▸ Dataset entries:
[Start of section]

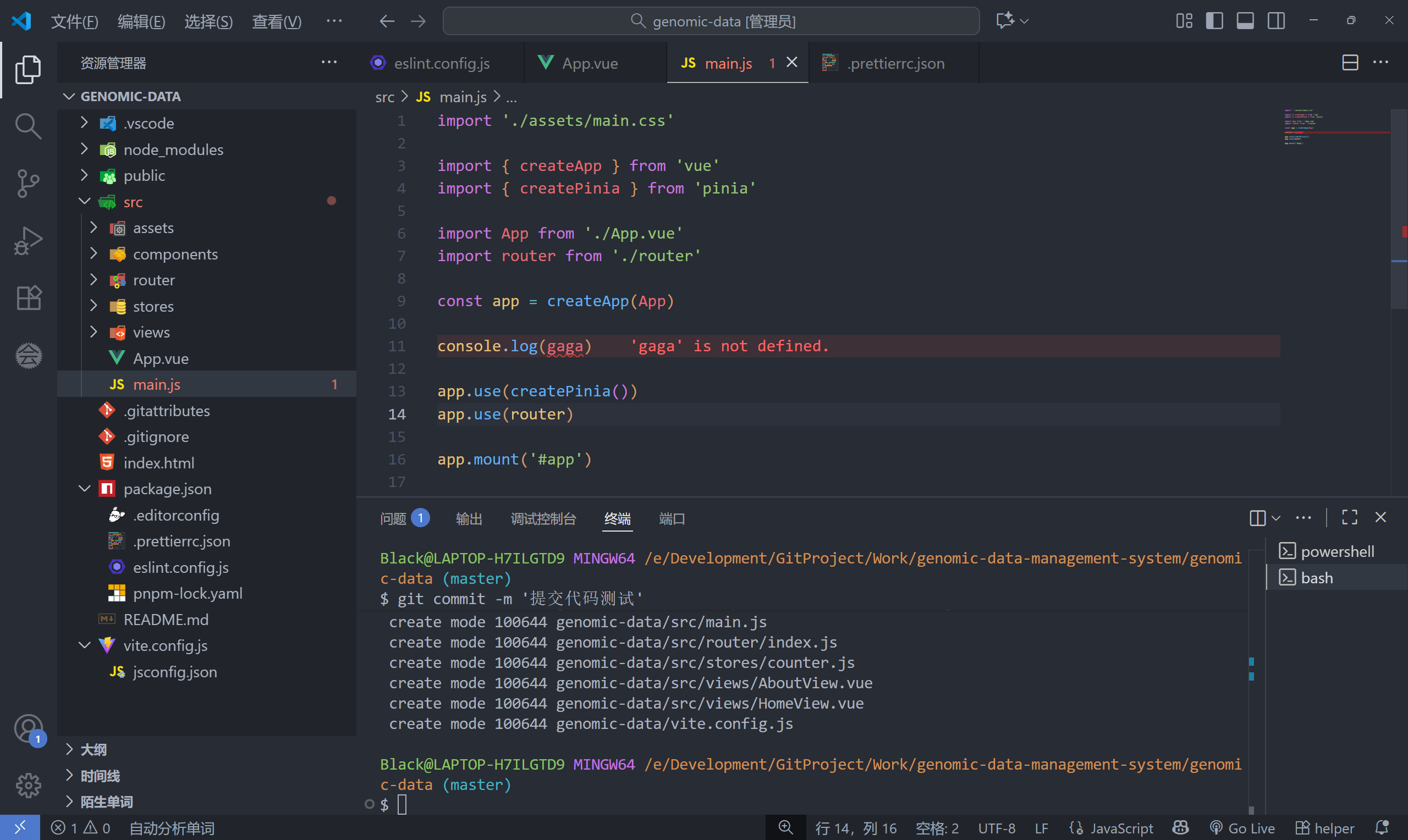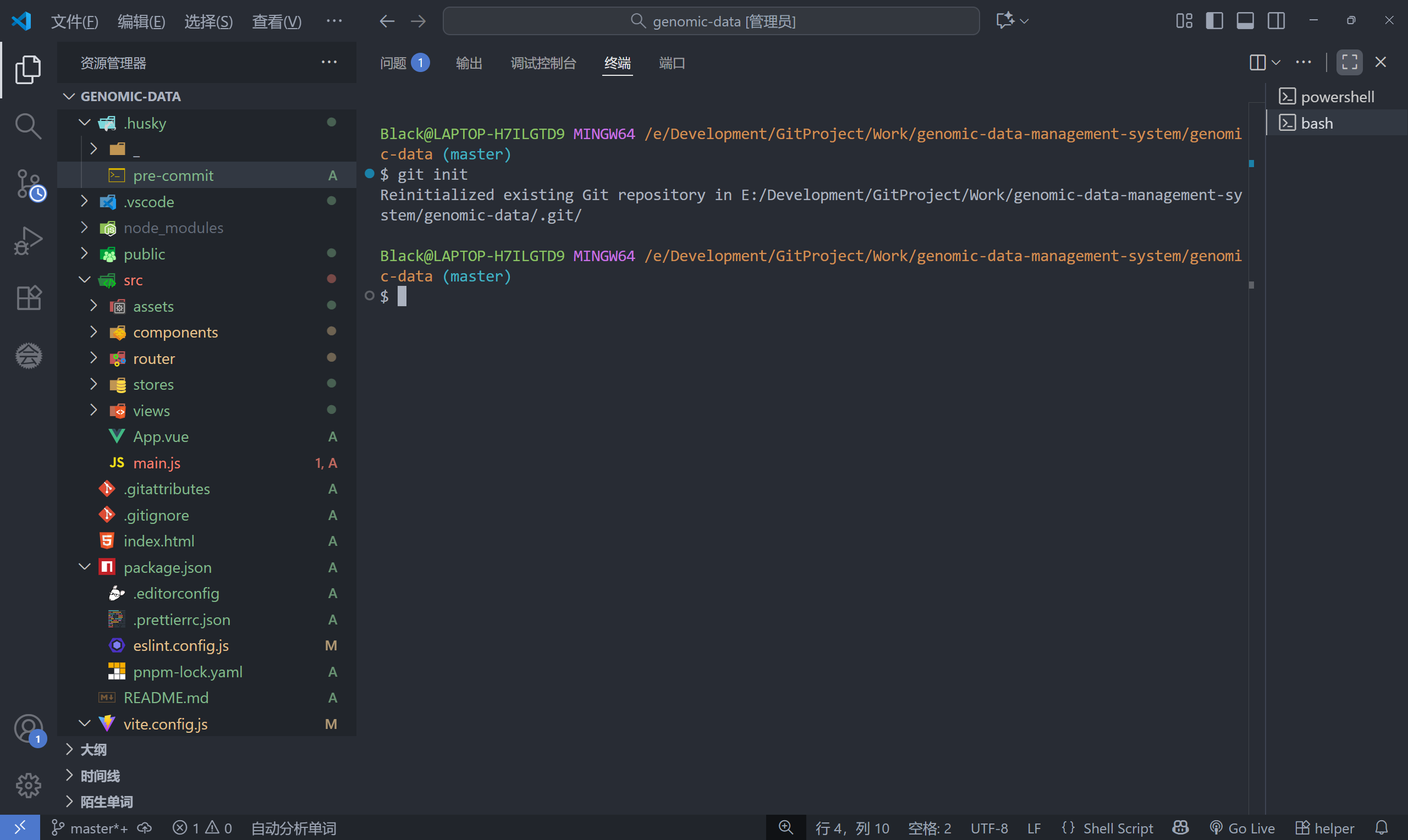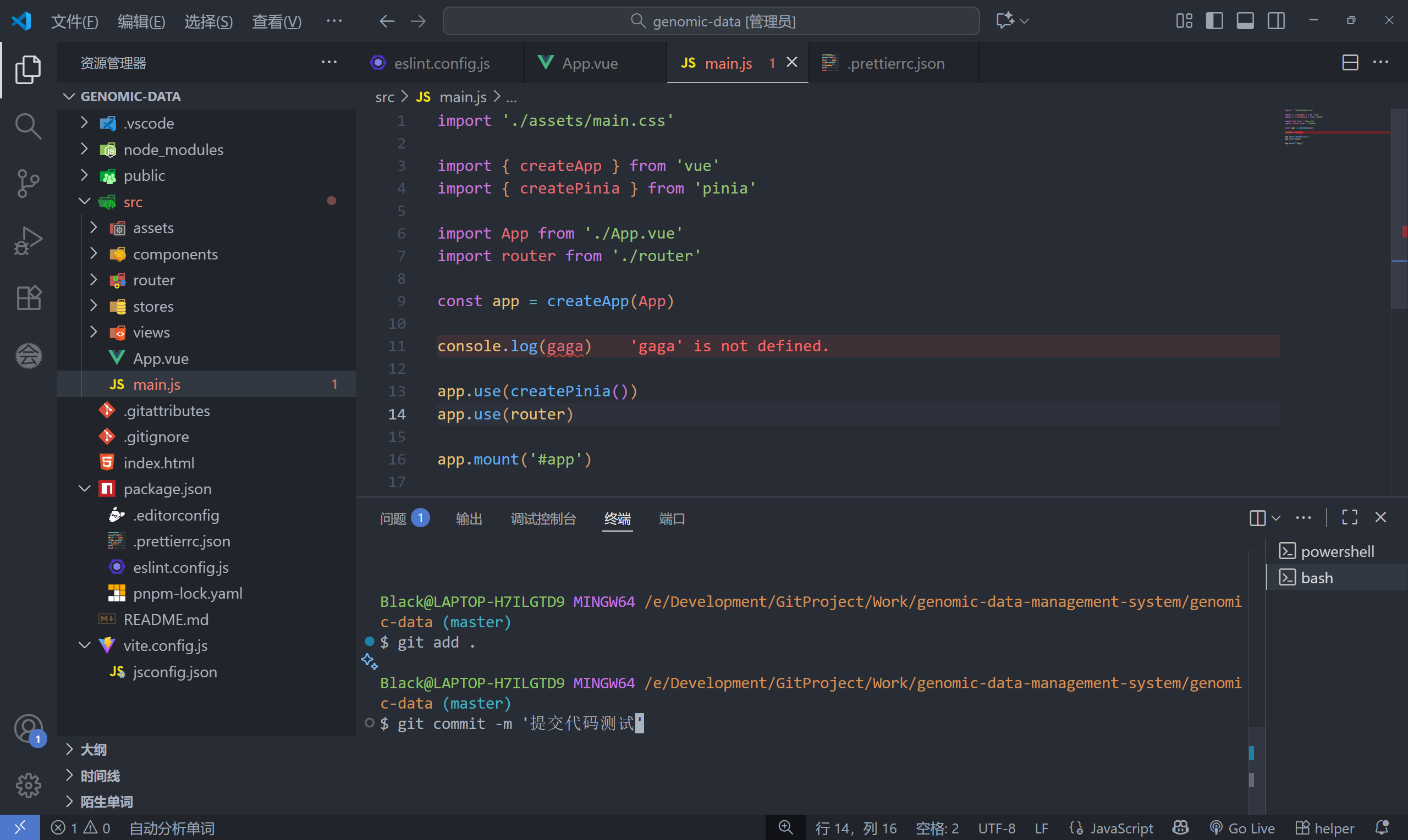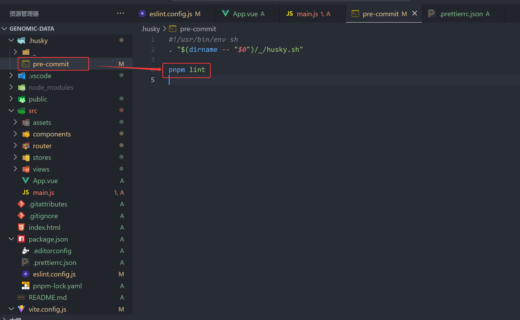 从上面的图片中可以看出,提交的代码明明有问题但是还是完成了代码的git,此时需要使用husky。
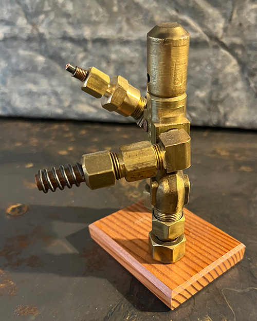 Boltzmann the Builder is an industrious member of Jasper Hawthorn’s mechanical menagerie, a stout sentinel of construction and craft. His body, an assembly of solid brass fittings, showcases the sturdiness and reliability one expects from a master builder. The head, a geometric marvel, is a nod to the blueprints and precision required in the art of creation.
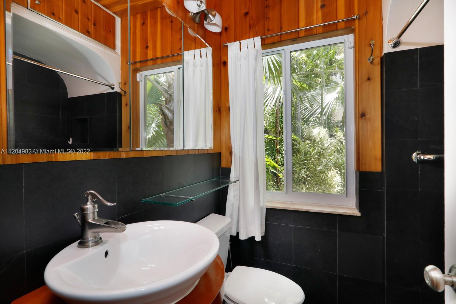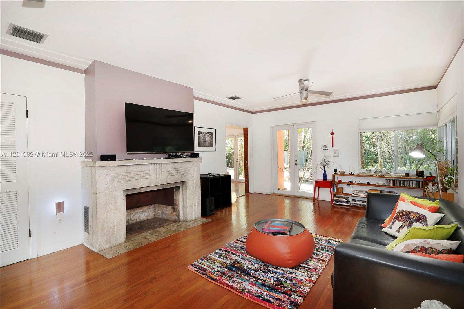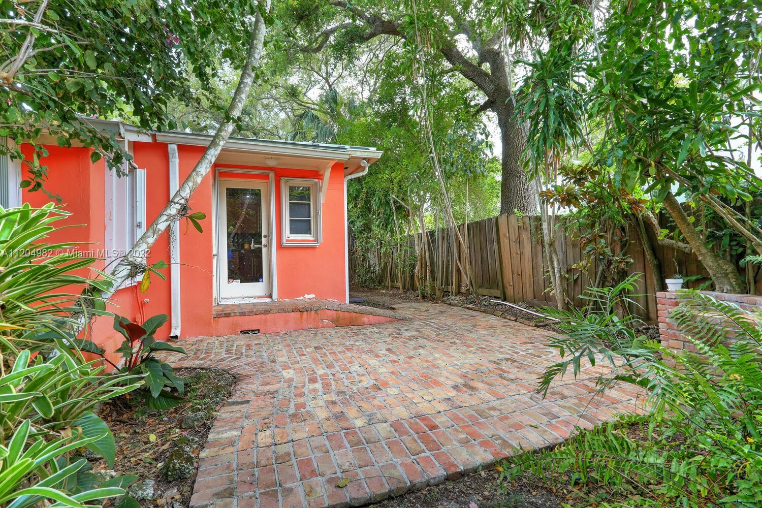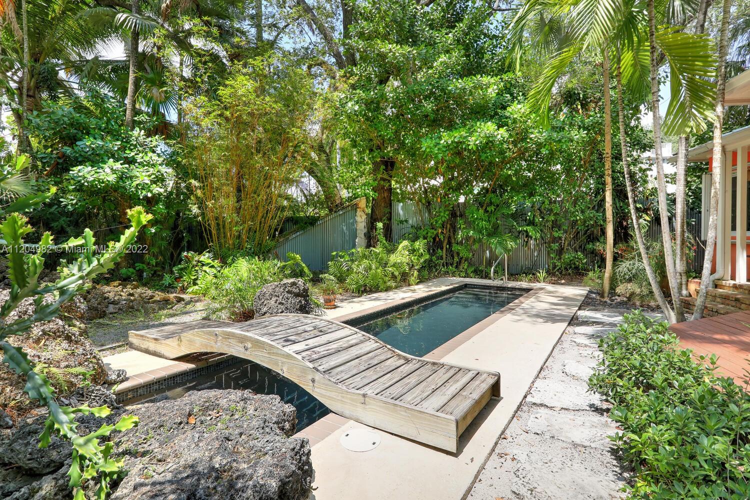 Enchanting, gated cottage set behind a high privacy fence and surrounded by a lush tropical garden featuring native palms, winding pathways & a magical pool with footbridge. French doors open to light-filled living spaces with beautiful wood flooring & stone fireplace. Large updated kitchen w/ wood cabinetry, slate flooring & stainless steel appliances. 2BR/1BA + living, dining, office & sunroom w/walls of glass. Enjoy outdoor living & entertaining on the tree-canopied wood deck & bricked patio. (10,800 SF lot). Additional features of the home include: detached garage structure currently used for storage, a generator & accordion shutters for all windows/doors. Walk or bike to the Grove village center’s galleries, boutiques, cafes and bayfront parks & marinas.
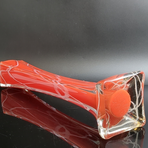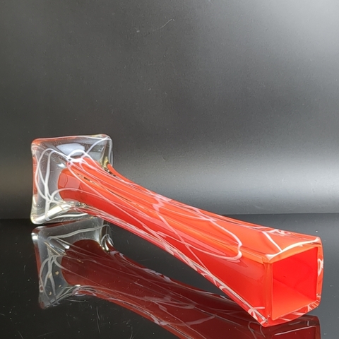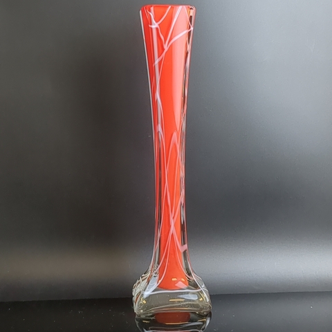 Ваза формы «Берц», двухслойное стекло, прозрачное, красное, белое, гутная техника, высота - 31.5 см, шикарная, винтаж времён СССР 1930-1970 гг. Присутствуют следы использования- состояние на фото
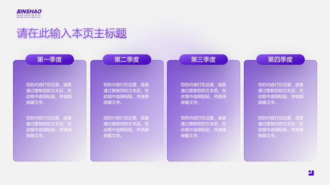 简介:磨砂玻璃质感紫色商务年中总结ppt模板,本模板共11P,整体以紫色渐变为主色调,有别于市面上传统的蓝色风格,可以根据自身的内容来挑选页面使用,将内容输入到相应板块即可,所有内容可编辑,图片可替换,适合年中总结、工作汇报、工作计划等场景应用的商务通用ppt模板,P界达人 彬少 作品。

[End of section]

▸ Task objective: Reproduce the whole listing verbatim and keep all pictures out of it.

▸ Exercise answer:
 从上面的图片中可以看出,提交的代码明明有问题但是还是完成了代码的git,此时需要使用husky。
 Boltzmann the Builder is an industrious member of Jasper Hawthorn’s mechanical menagerie, a stout sentinel of construction and craft. His body, an assembly of solid brass fittings, showcases the sturdiness and reliability one expects from a master builder. The head, a geometric marvel, is a nod to the blueprints and precision required in the art of creation.
 Enchanting, gated cottage set behind a high privacy fence and surrounded by a lush tropical garden featuring native palms, winding pathways & a magical pool with footbridge. French doors open to light-filled living spaces with beautiful wood flooring & stone fireplace. Large updated kitchen w/ wood cabinetry, slate flooring & stainless steel appliances. 2BR/1BA + living, dining, office & sunroom w/walls of glass. Enjoy outdoor living & entertaining on the tree-canopied wood deck & bricked patio. (10,800 SF lot). Additional features of the home include: detached garage structure currently used for storage, a generator & accordion shutters for all windows/doors. Walk or bike to the Grove village center’s galleries, boutiques, cafes and bayfront parks & marinas.
 Ваза формы «Берц», двухслойное стекло, прозрачное, красное, белое, гутная техника, высота - 31.5 см, шикарная, винтаж времён СССР 1930-1970 гг. Присутствуют следы использования- состояние на фото
 简介:磨砂玻璃质感紫色商务年中总结ppt模板,本模板共11P,整体以紫色渐变为主色调,有别于市面上传统的蓝色风格,可以根据自身的内容来挑选页面使用,将内容输入到相应板块即可,所有内容可编辑,图片可替换,适合年中总结、工作汇报、工作计划等场景应用的商务通用ppt模板,P界达人 彬少 作品。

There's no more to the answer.